### Your objective
Could the data below be printed out exactly, with the pictures left out?

### Provided material
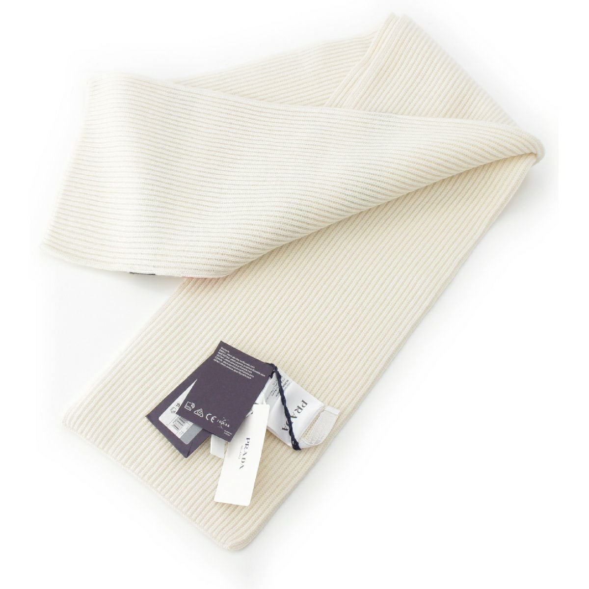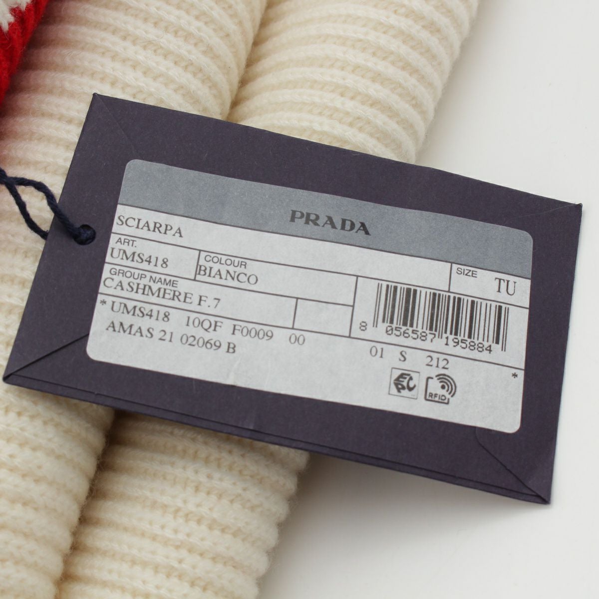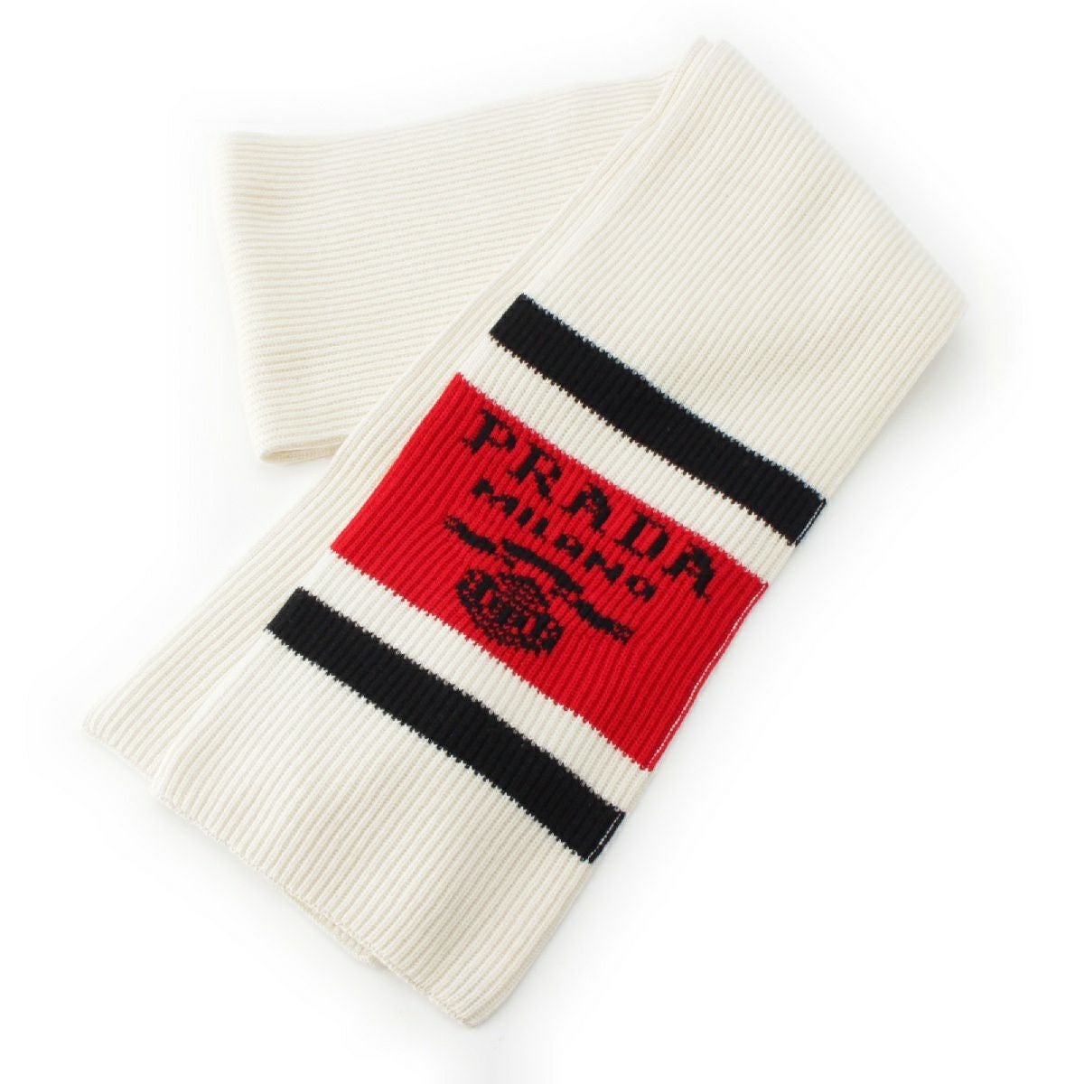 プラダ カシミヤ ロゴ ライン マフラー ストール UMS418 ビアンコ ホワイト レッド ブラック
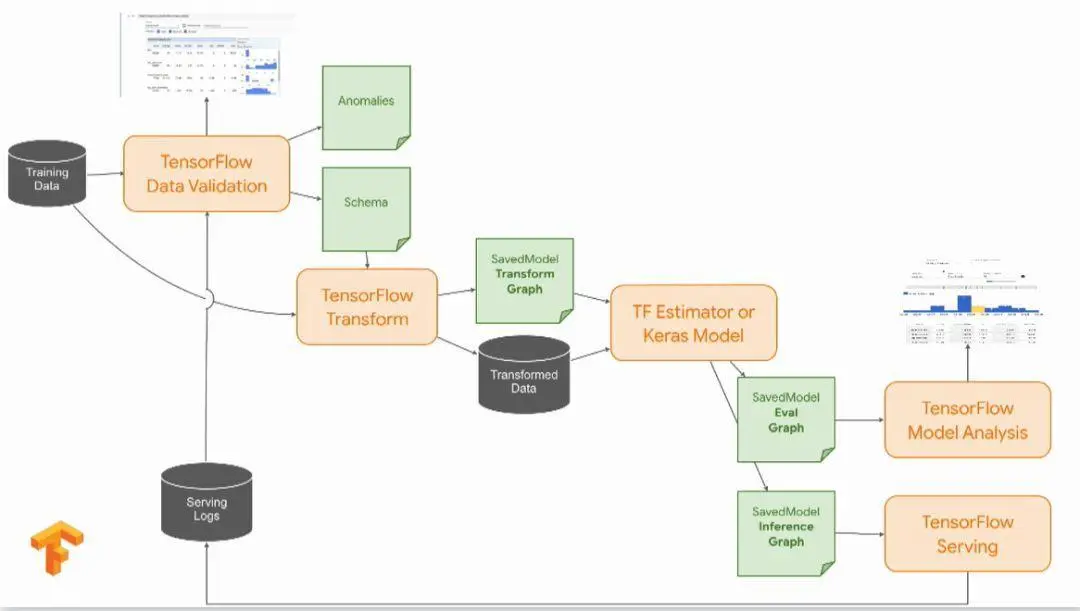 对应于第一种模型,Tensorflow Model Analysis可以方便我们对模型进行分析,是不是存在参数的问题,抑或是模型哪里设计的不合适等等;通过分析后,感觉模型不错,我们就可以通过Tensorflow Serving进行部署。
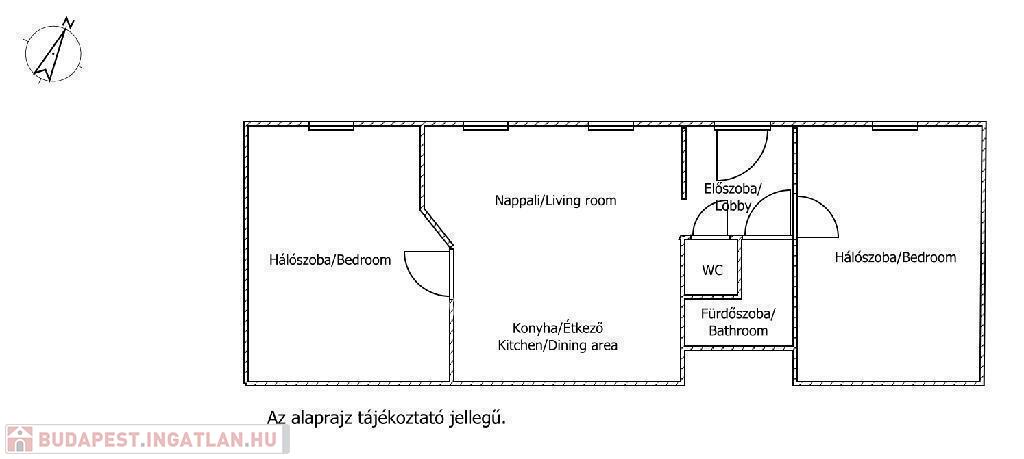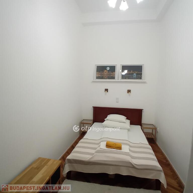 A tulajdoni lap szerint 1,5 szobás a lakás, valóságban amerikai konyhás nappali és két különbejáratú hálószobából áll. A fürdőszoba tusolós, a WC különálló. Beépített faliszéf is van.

### Output of the exercise
 プラダ カシミヤ ロゴ ライン マフラー ストール UMS418 ビアンコ ホワイト レッド ブラック
 对应于第一种模型,Tensorflow Model Analysis可以方便我们对模型进行分析,是不是存在参数的问题,抑或是模型哪里设计的不合适等等;通过分析后,感觉模型不错,我们就可以通过Tensorflow Serving进行部署。
 A tulajdoni lap szerint 1,5 szobás a lakás, valóságban amerikai konyhás nappali és két különbejáratú hálószobából áll. A fürdőszoba tusolós, a WC különálló. Beépített faliszéf is van.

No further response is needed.